Instructions for the task |
Skip the pictures and write out, word for word, the lines below from the one with "Das Mobilheim La" through the one with "Płytka jest przystosowana", inclusive.

Data below |

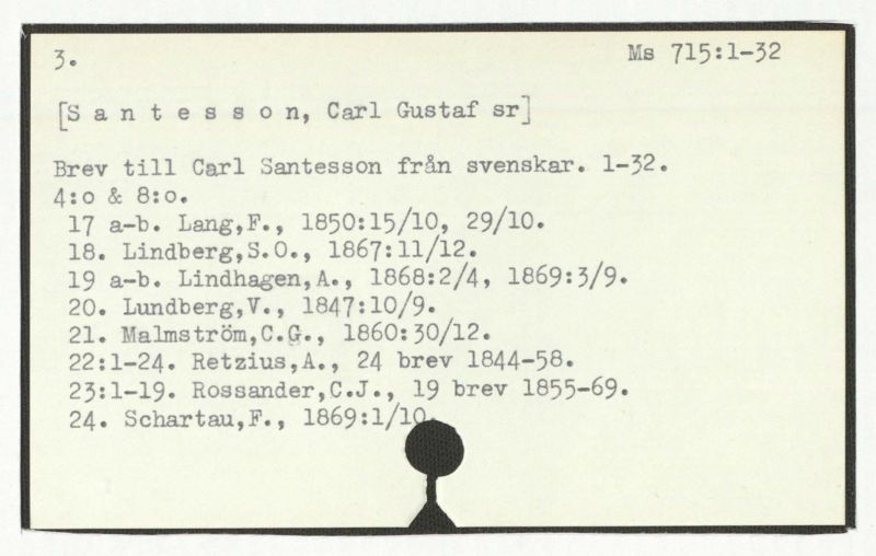 22:1-24. Retzius, A., 24 brev 1844-58.
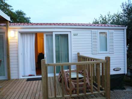 Das Mobilheim La Rocca delux ist geeignet für Familie mit Kind, Paare, Freunde, da jeder sein eigenes Schlafzimmer hat. Das Wohn/Esszimmer bietet nochmals Schlafplätze für 2 Personen.
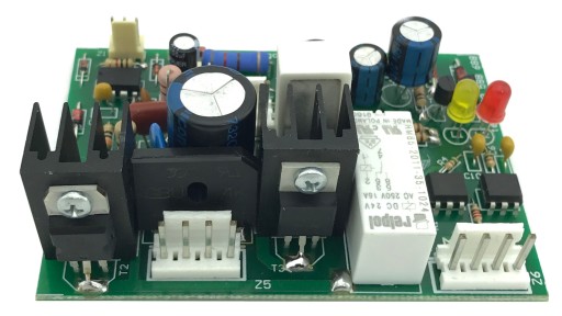 Płytka jest przystosowana TYLKO do pracy z podajnikiem 24V. Oczywiście napięcie transformatora nie musi być „precyzyjnie” 24V, może być w granicach 20 - 30V, jednak nie więcej i nie mniej. Niższe napięcie nie uruchomi układu, a może doprowadzić do uszkodzenia. Wyższe napięcie uruchomi układ i całość będzie pracowała, jednak w krótkim czasie może dojść do przegrzania układu. Zasilanie (prąd przemienny lub stały) dołączamy do pinów 2 i 3 - tak jak pokazuje schemat.
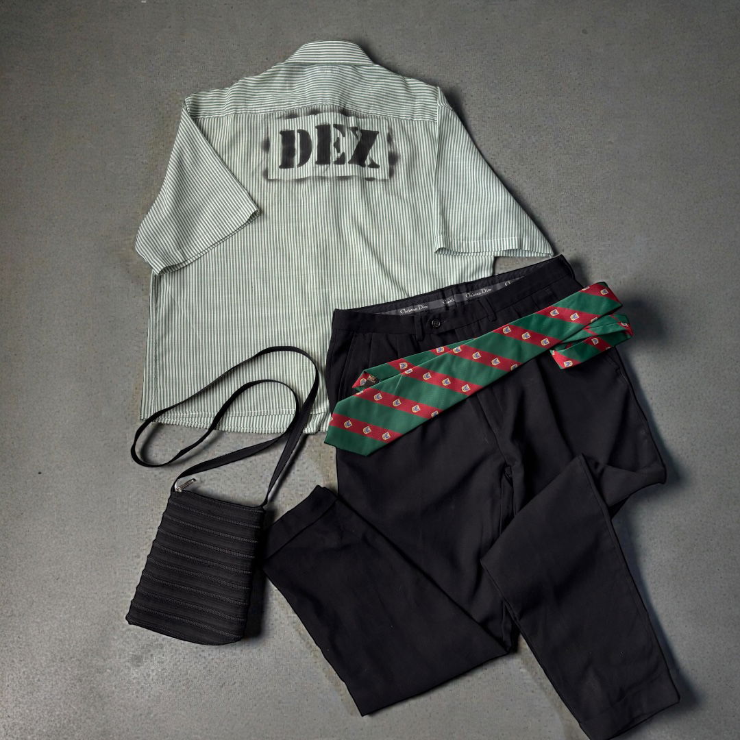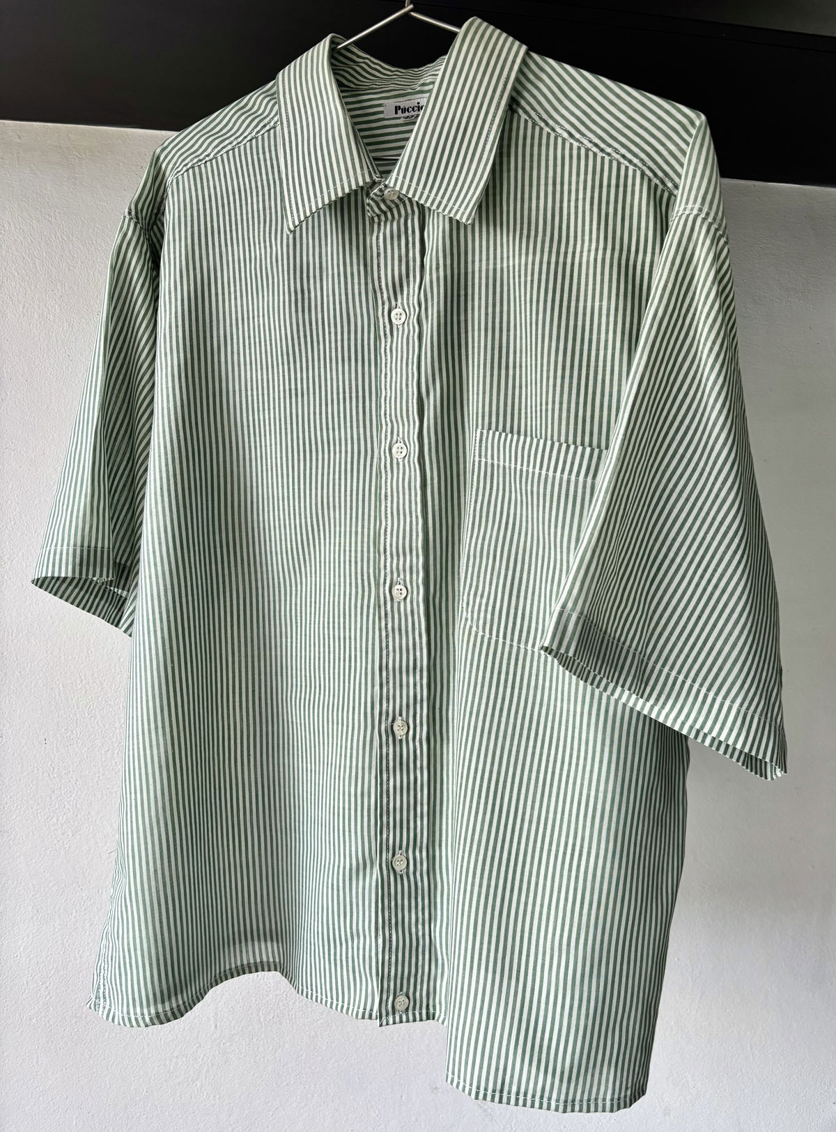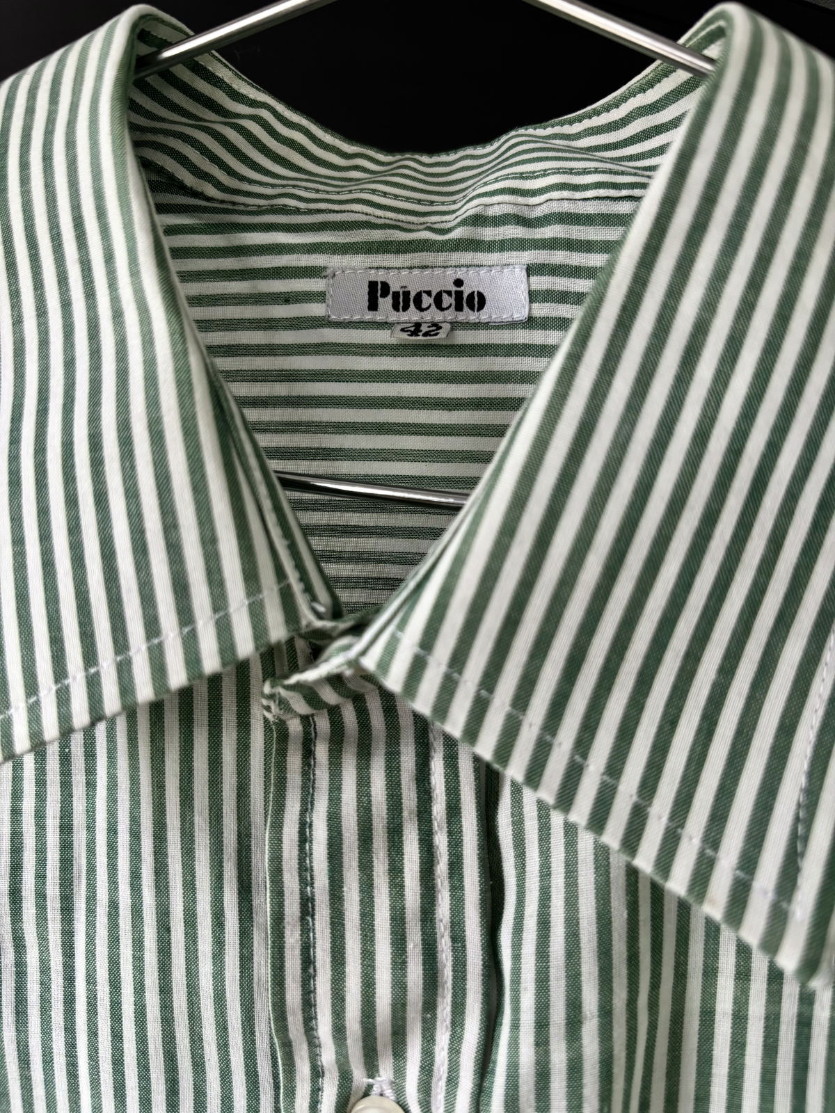 - Camisa DEX boxy, rayada color verde y blanco, marca Puccio. Medidas: Largo (66cm), Hombros (45cm), Manga (26cm).

Answer to this exercise |
 Das Mobilheim La Rocca delux ist geeignet für Familie mit Kind, Paare, Freunde, da jeder sein eigenes Schlafzimmer hat. Das Wohn/Esszimmer bietet nochmals Schlafplätze für 2 Personen.
 Płytka jest przystosowana TYLKO do pracy z podajnikiem 24V. Oczywiście napięcie transformatora nie musi być „precyzyjnie” 24V, może być w granicach 20 - 30V, jednak nie więcej i nie mniej. Niższe napięcie nie uruchomi układu, a może doprowadzić do uszkodzenia. Wyższe napięcie uruchomi układ i całość będzie pracowała, jednak w krótkim czasie może dojść do przegrzania układu. Zasilanie (prąd przemienny lub stały) dołączamy do pinów 2 i 3 - tak jak pokazuje schemat.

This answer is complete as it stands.